Premier Dennis Fentie should have been the proper host under protocol, but left Trapnell to explain his absence.

“I can say the premier was very … we hosted this meeting here and … I can’t say very much because I’m not in a position to do so,” said Trapnell.

“The premier was travelling this morning on business so he was not able to be here,” she said later.

The Yukon and Nunavut became the forum’s new co-chairs at this week’s meeting.

Fentie and Ariak decided Ariak would formally accept the chairmanship on behalf of both territories in a discussion Wednesday night, said Trapnell.

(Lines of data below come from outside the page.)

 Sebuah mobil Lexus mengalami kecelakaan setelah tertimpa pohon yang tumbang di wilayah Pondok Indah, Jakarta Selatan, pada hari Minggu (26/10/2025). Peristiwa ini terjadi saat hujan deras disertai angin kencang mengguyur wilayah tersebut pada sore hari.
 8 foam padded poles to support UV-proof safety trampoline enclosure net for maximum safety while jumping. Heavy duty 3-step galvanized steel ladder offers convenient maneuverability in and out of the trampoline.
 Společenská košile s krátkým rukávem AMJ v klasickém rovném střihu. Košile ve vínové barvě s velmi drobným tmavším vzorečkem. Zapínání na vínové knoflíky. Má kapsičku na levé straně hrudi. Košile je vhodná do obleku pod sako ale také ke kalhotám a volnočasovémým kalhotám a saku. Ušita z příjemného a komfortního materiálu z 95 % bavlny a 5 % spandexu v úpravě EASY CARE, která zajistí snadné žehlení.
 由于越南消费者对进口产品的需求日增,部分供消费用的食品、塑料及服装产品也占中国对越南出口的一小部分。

Ariak then grabbed the microphone to expand on Fentie’s absence.

“Premier Fentie is on his way to my community to have a meeting with me and with the other premier from Northwest Territories,” said Ariak.

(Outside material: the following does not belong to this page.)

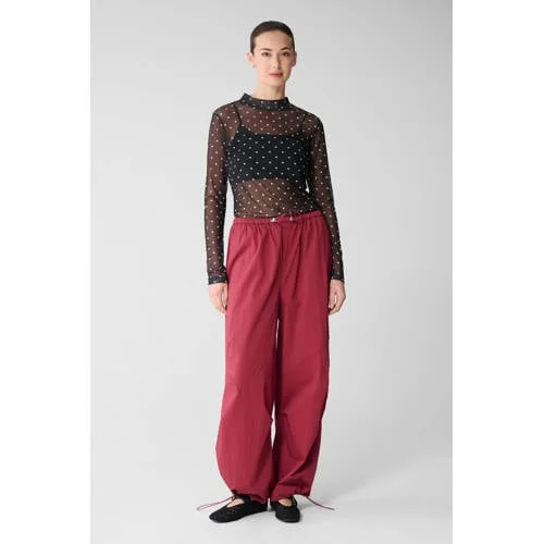 Voor een moderne, vrouwelijke laag in je outfit is deze mesh polkadot longsleeve top zwart een praktische keuze. De top heeft een aangesloten fit die nauw langs het lichaam volgt en een stippenpatroon dat direct opvalt. De transparante mesh stof geeft een licht en luchtig effect, terwijl de opstaande kraag de look een verzorgde uitstraling geeft. Geschikt om solo te dragen met een top eronder of als extra laag onder een blazer of vest.Details van de mesh polkadot top Aangesloten pasvorm met veel stretch voor een soepel gevoel Transparante mesh stof met all-over stippenprint Opstaande kraag voor een moderne, iets hogere halslijn Lange, rechte mouwen die strak langs de armen vallen Zwarte kleur die goed combineert met jeans, rok of pantalon Geen sluiting, de top trek je eenvoudig over het hoofd aan Totale lengte circa 60 cm bij maat S Wasbaar op 30 graden, praktisch in het dagelijks gebruikMesh top voor alledaags en avondgebruikDeze longsleeve uit de Daily collectie is geschikt voor elke dag, maar ook handig als basis voor een avondlook. Combineer met een hoge taille broek of kokerrok en draag er een hemdje onder voor extra bedekking. De elastische mesh beweegt met je mee, zodat de top de hele dag goed blijft zitten.Shoeby: eigentijdse stijl voor elke dagShoeby staat voor mode die geschikt is voor het dagelijks leven, met items die meegaan met trends maar toch toegankelijk blijven. De collecties zijn gemaakt om makkelijk te combineren, zodat je met een paar basisitems en accentstukken steeds weer nieuwe looks samenstelt.Een moderne mesh top die je garderobe makkelijk aanvult.

Nunavut is hosting the premiers for a discussion of pan-northern issues for two days.

But those talks start on Friday, the day after the Northern Forum’s closing, according to a Yukon government news release.

“That’s why Premier Fentie is not here,” said Ariak, citing his flight to Iqaluit.

But Ariak was still there.

“He had to catch the early flight and I have to go to the airport as we speak to meet with Premier Fentie,” she added.

Fentie had been “very active” in the forum’s two previous days, meeting with delegates and offering his support, said Wohl.

“The fact that he is not here for this last morning because of a plane schedule is just a coincidence,” she said.

The Whitehorse declaration included commitments by the two dozen governments to work together on climate change and strengthen small businesses.

“Specifics will be found in a copy (of the declaration), which we will have in a little while,” said Wohl.

A secretary with the forum took reporters’ e-mail addresses so that the declaration could be sent electronically.

The declaration was not sent by press time.

The forum was created in 1992, just after the breakup of the Soviet Union and the creation of semi-autonomous republics in northern Russia, which were well represented at this year’s forum.

“The organization has moved from one which they opened the doors for co-operation, international trade and exchange to a body that provides very concrete and measurable products and services to the regions,” said Wohl.

It’s a networking conference for underrepresented regions hugging the Arctic Circle that has created many spin-off partnerships over the years.

Teams of hydrologists have travelled from North America to Russia to work on anti-flooding techniques, said Natalie Novik, the forum’s project manager.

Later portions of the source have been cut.